======== Input data ========
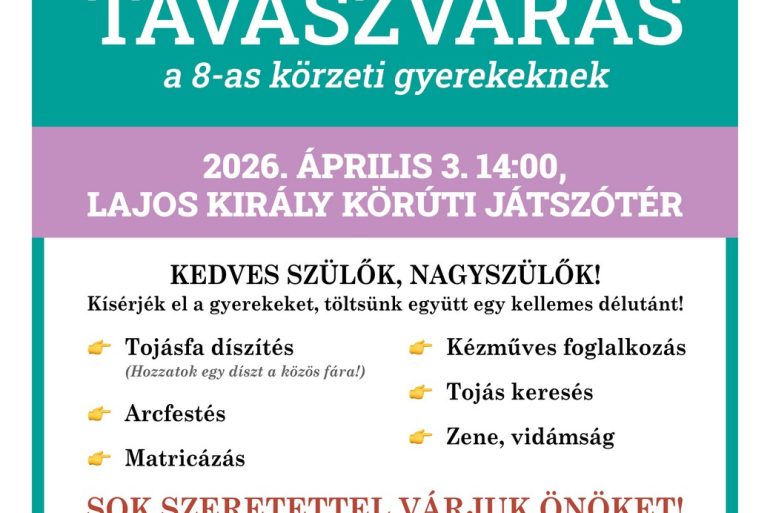HÚSVÉTI TAVASZVÁRÁS a 8-as körzeti gyerekeknek 2026. április 3-án 14 órától a Lajos király körúti játszótéren HÚSVÉTI TAVASZVÁRÁS...
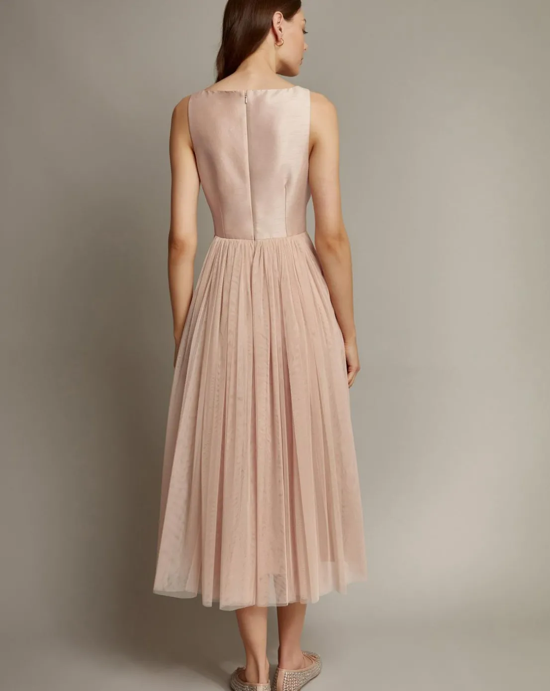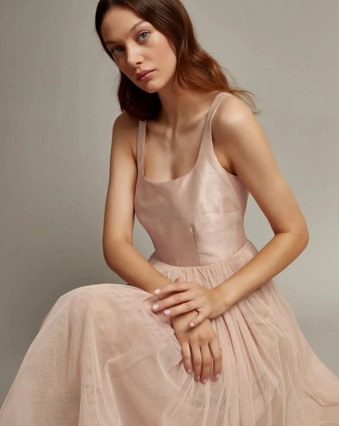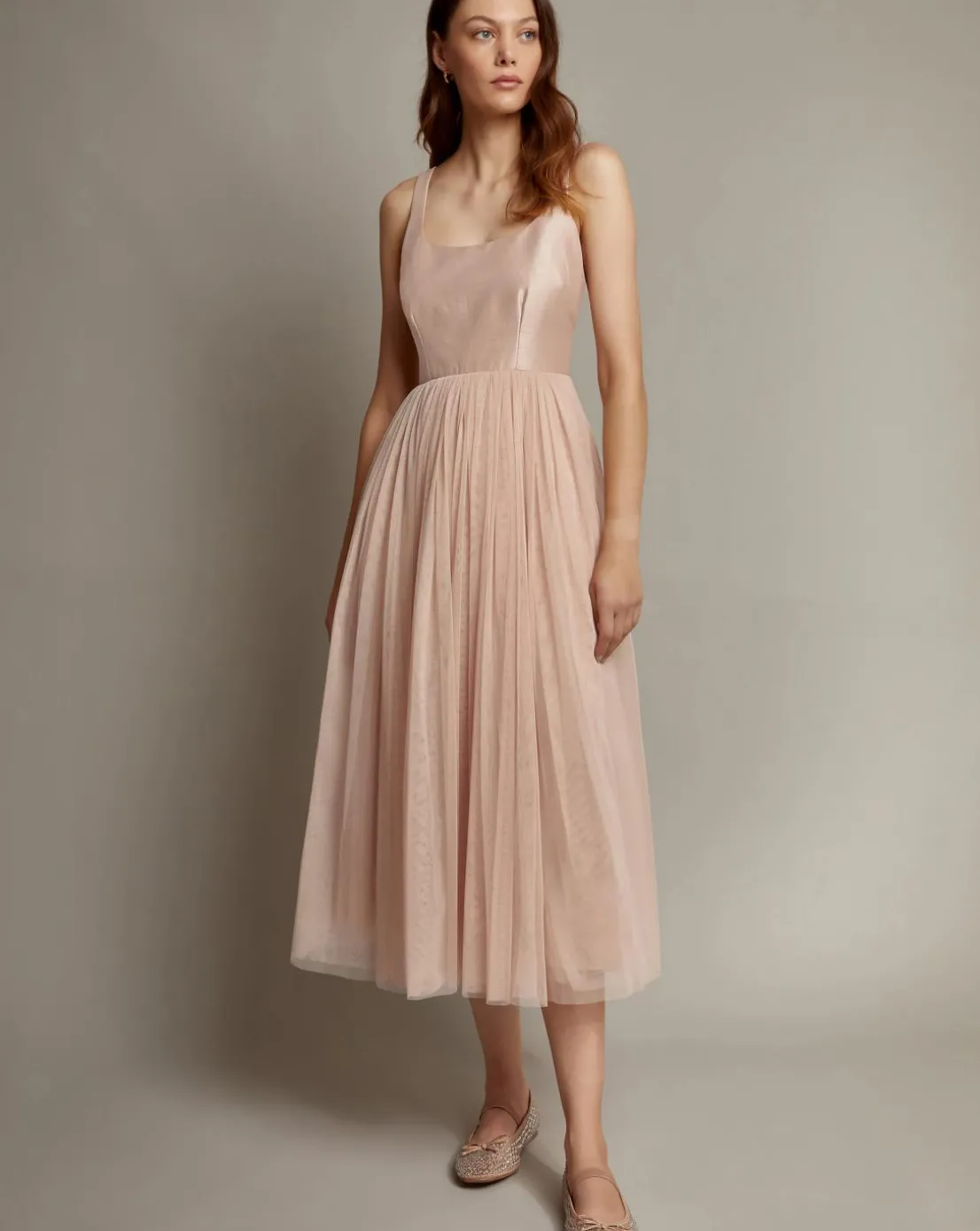 - Occasionwear en pointe. Imbued with ballerina-esque elegance, this dress is designed with a sleeveless square neck bodice, finished layers of tulle to create a slightly voluminous midi-length skirt.
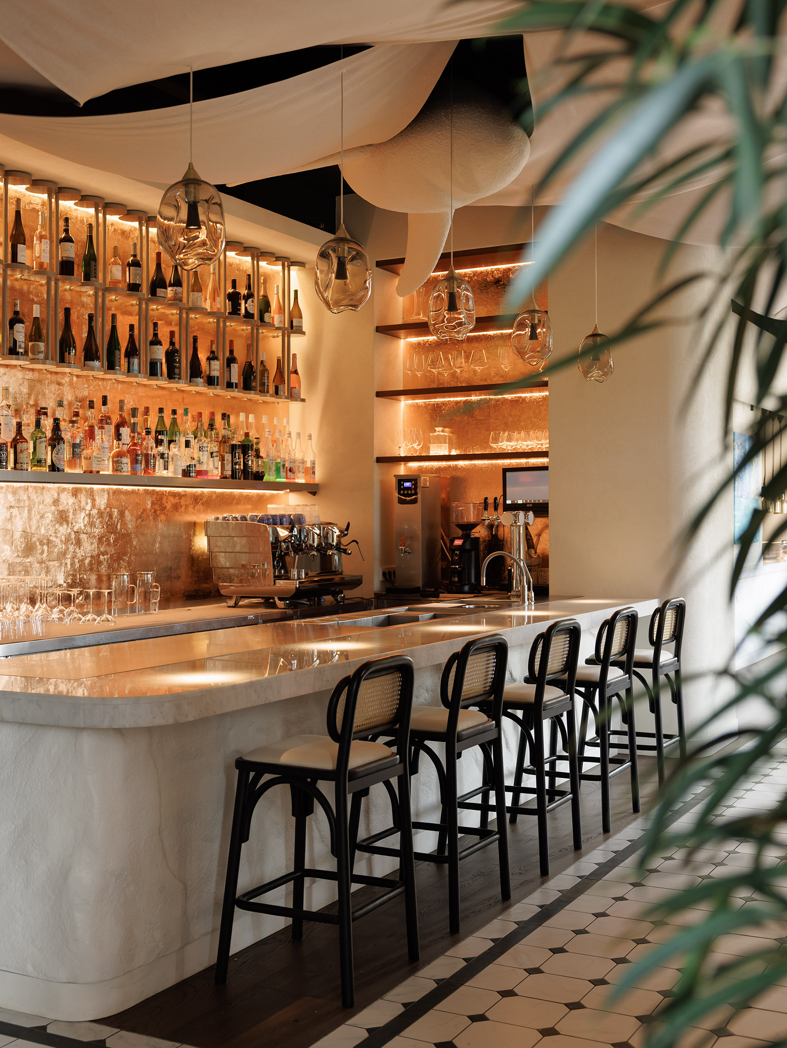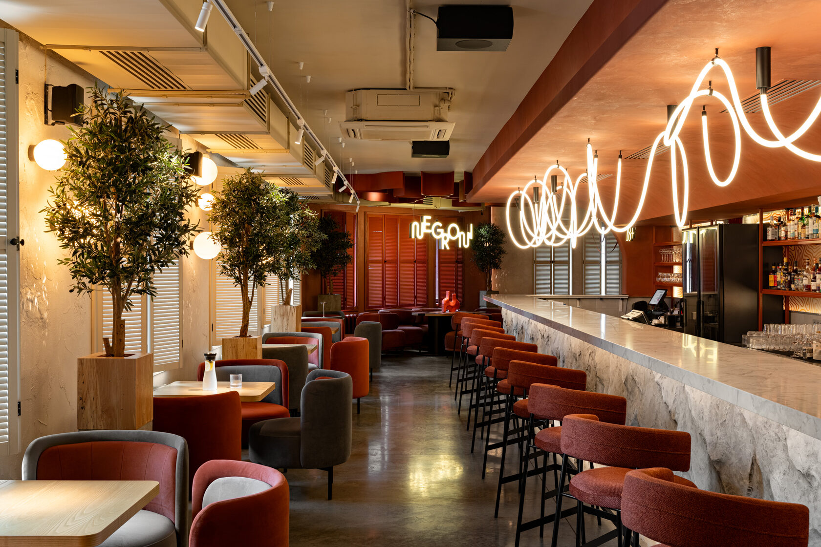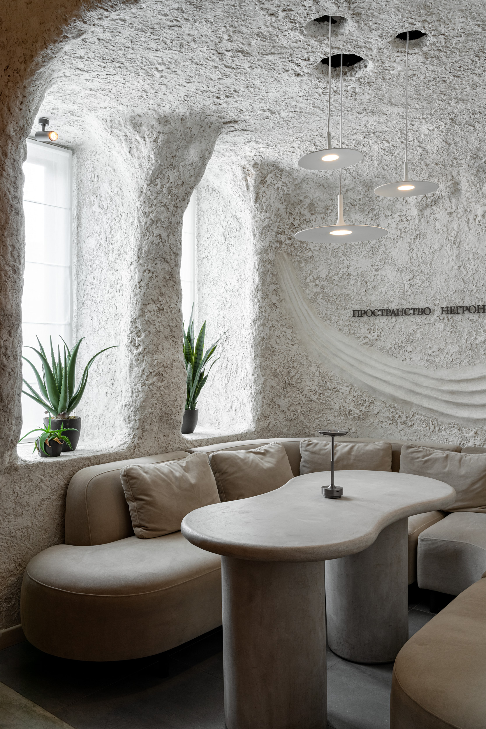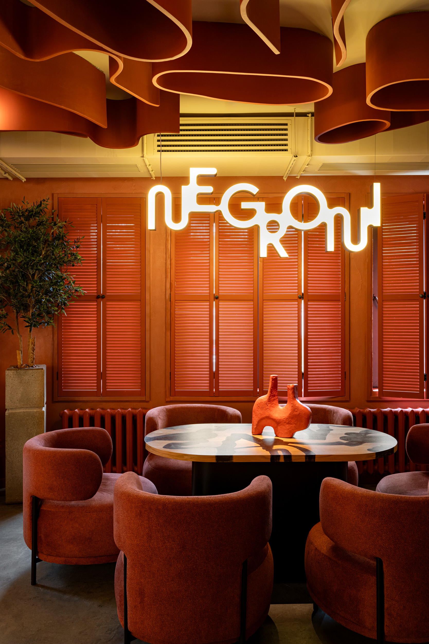 Проект «Negroni» — это воплощение обволачивающей теплоты, солнечных бликов и атмосферы непринужденного отдыха. Вдохновленный легендарным итальянским коктейлем и средиземноморской эстетикой, интерьер создает уникальное пространство для душевного общения. Двенадцатиметровая барная стойка, служащая ярким световым элементом, выступает сердцем заведения и центром притяжения, вокруг которого гармонично организованы все функциональные зоны.
========
§ **What you need to do**: Only an exact copy is wanted: the lines from the opening of the material through the line that has "- Occasionwear en", minus any pictures.

§ **Output**:
HÚSVÉTI TAVASZVÁRÁS a 8-as körzeti gyerekeknek 2026. április 3-án 14 órától a Lajos király körúti játszótéren HÚSVÉTI TAVASZVÁRÁS...
 - Occasionwear en pointe. Imbued with ballerina-esque elegance, this dress is designed with a sleeveless square neck bodice, finished layers of tulle to create a slightly voluminous midi-length skirt.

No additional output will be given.